▼▼▼

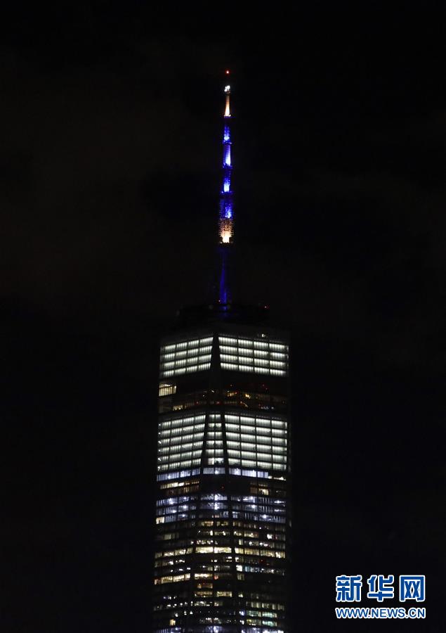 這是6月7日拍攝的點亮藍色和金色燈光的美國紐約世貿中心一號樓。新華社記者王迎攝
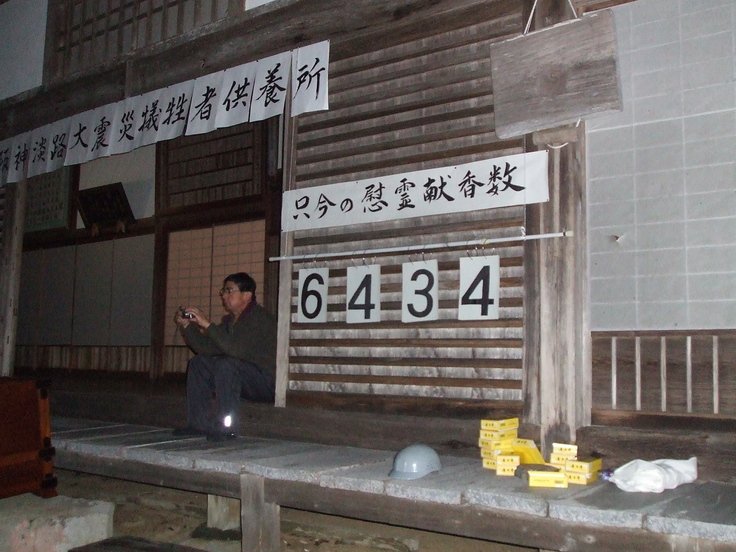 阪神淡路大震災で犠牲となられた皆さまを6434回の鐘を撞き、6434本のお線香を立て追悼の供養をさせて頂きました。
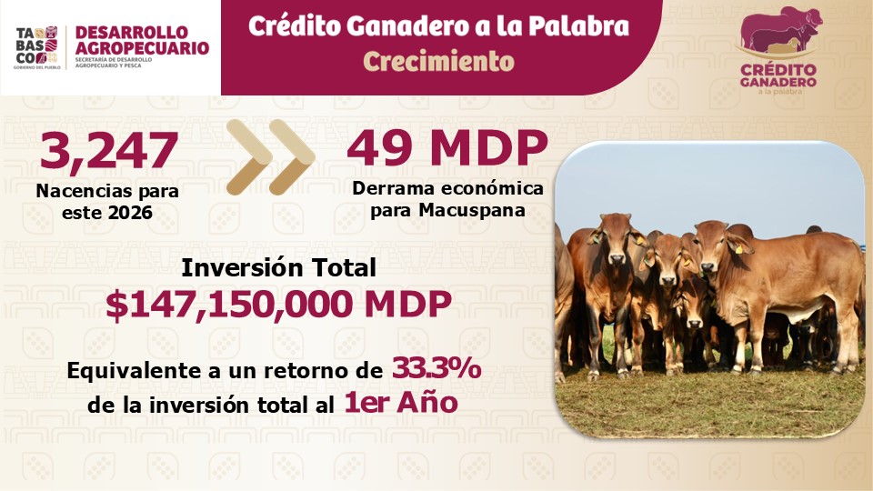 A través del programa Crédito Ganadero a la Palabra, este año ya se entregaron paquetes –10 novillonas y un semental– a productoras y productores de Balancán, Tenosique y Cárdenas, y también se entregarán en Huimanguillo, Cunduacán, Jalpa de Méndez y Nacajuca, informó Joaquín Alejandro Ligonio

▲▲▲
▼▼▼

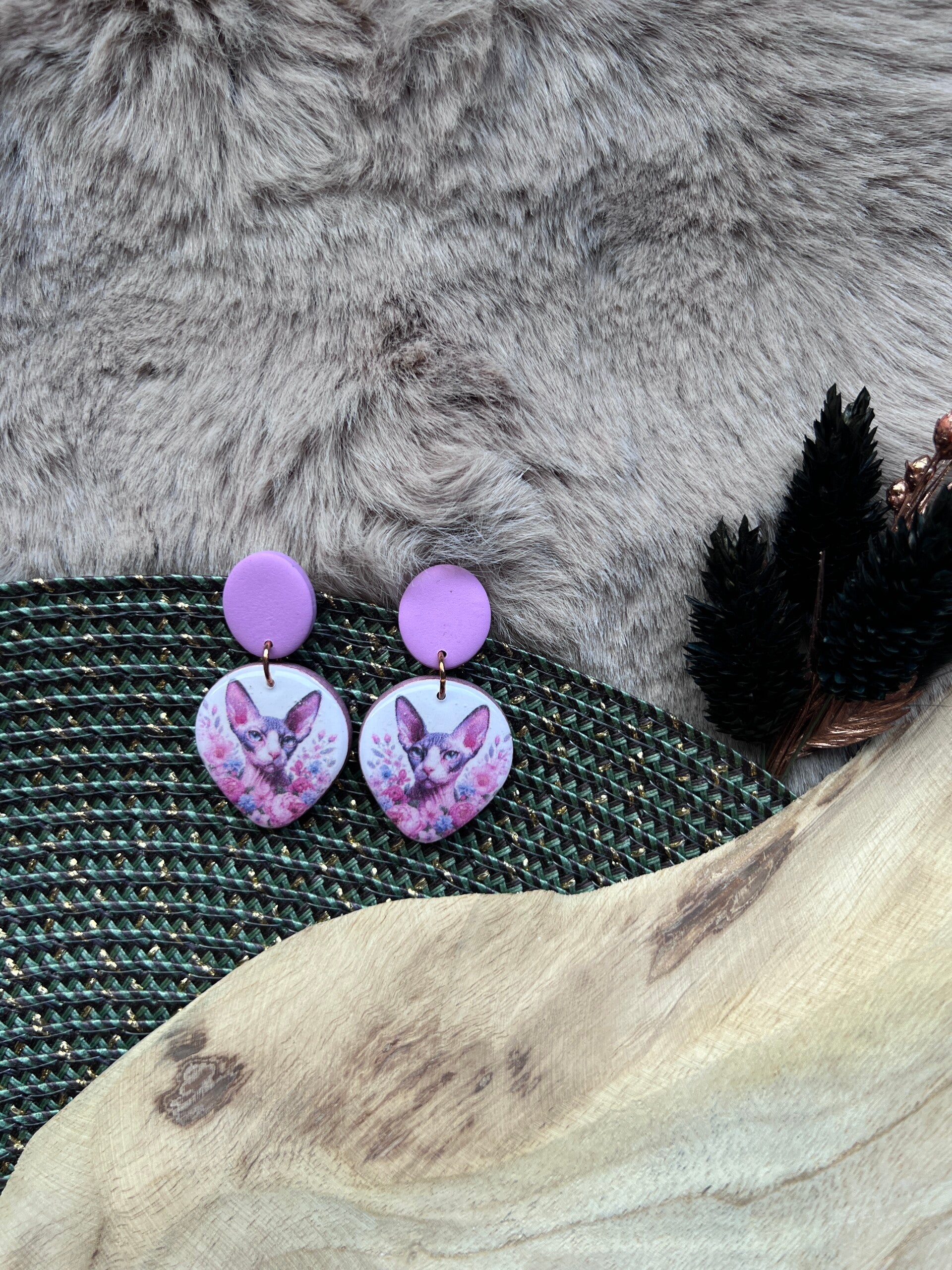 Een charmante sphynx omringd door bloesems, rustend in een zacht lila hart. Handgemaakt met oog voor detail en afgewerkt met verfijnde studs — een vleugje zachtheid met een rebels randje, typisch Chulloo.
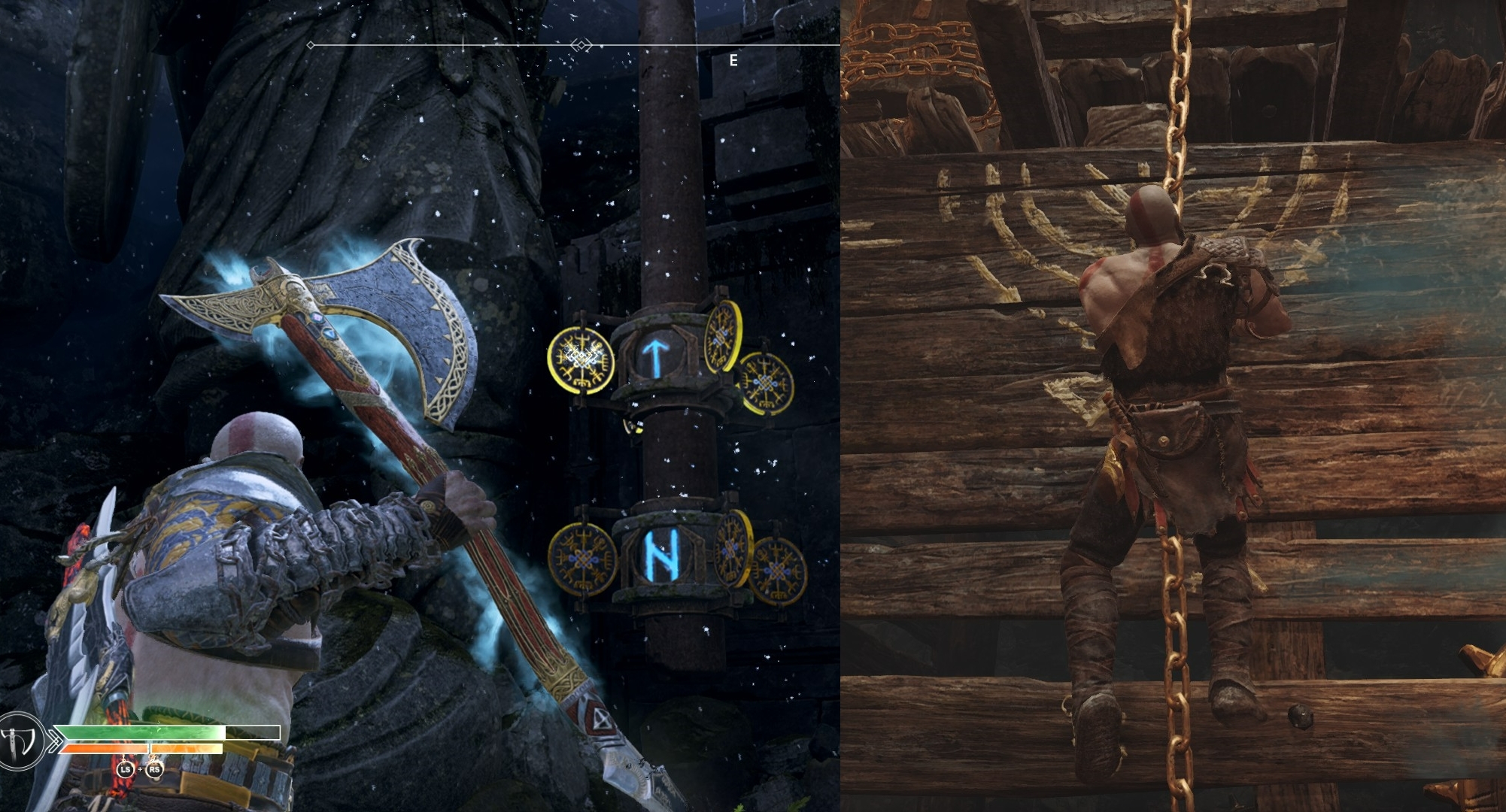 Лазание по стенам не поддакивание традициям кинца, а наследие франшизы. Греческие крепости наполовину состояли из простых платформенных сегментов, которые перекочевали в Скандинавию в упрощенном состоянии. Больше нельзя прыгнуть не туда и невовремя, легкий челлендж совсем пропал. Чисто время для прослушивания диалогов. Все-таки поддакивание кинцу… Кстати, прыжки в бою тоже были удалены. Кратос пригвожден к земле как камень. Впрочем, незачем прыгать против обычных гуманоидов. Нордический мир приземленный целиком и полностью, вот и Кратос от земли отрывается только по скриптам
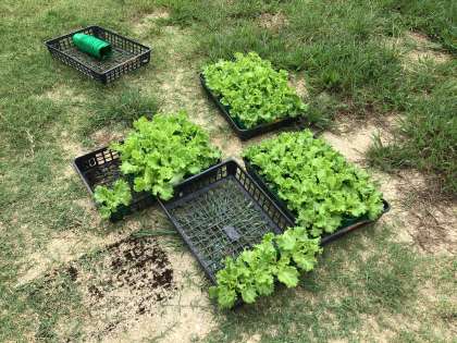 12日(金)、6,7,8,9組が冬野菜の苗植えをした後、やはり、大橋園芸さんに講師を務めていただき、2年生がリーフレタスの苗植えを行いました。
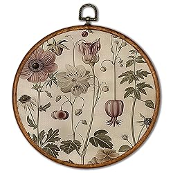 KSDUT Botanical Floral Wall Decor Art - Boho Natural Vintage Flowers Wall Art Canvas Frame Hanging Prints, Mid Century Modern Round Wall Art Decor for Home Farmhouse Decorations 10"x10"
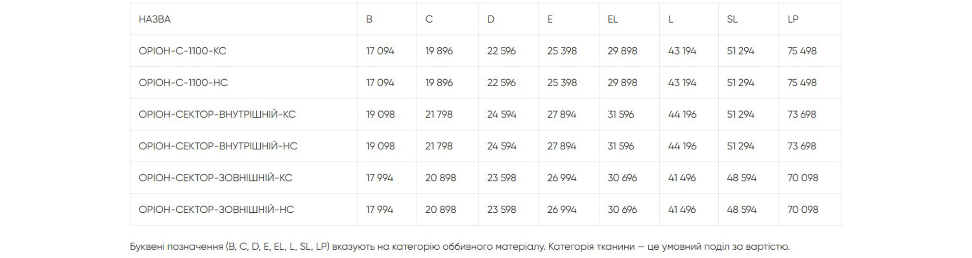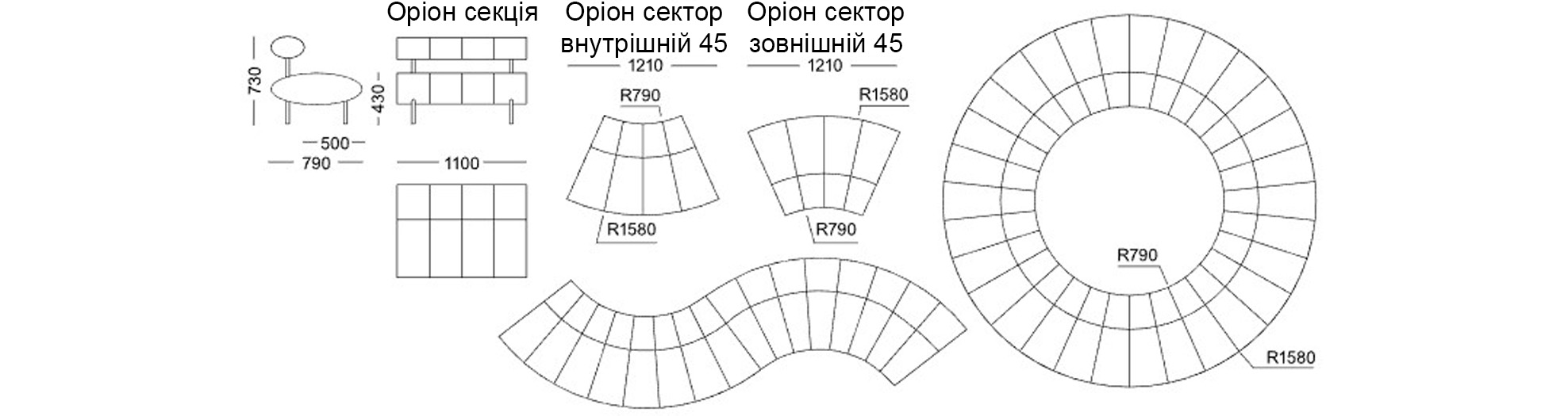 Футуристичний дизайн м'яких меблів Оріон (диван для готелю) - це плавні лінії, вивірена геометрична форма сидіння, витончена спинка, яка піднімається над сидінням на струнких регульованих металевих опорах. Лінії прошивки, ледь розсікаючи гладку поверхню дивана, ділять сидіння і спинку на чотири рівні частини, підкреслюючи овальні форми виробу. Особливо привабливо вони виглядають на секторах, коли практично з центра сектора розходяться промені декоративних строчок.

▲▲▲

Task statement: Transcribe the lines above exactly, beginning at the one with "阪神淡路大震災で犠牲となられ" and ending at the one with "A través del". Include both; exclude the pictures.

Result of the task:
 阪神淡路大震災で犠牲となられた皆さまを6434回の鐘を撞き、6434本のお線香を立て追悼の供養をさせて頂きました。
 A través del programa Crédito Ganadero a la Palabra, este año ya se entregaron paquetes –10 novillonas y un semental– a productoras y productores de Balancán, Tenosique y Cárdenas, y también se entregarán en Huimanguillo, Cunduacán, Jalpa de Méndez y Nacajuca, informó Joaquín Alejandro Ligonio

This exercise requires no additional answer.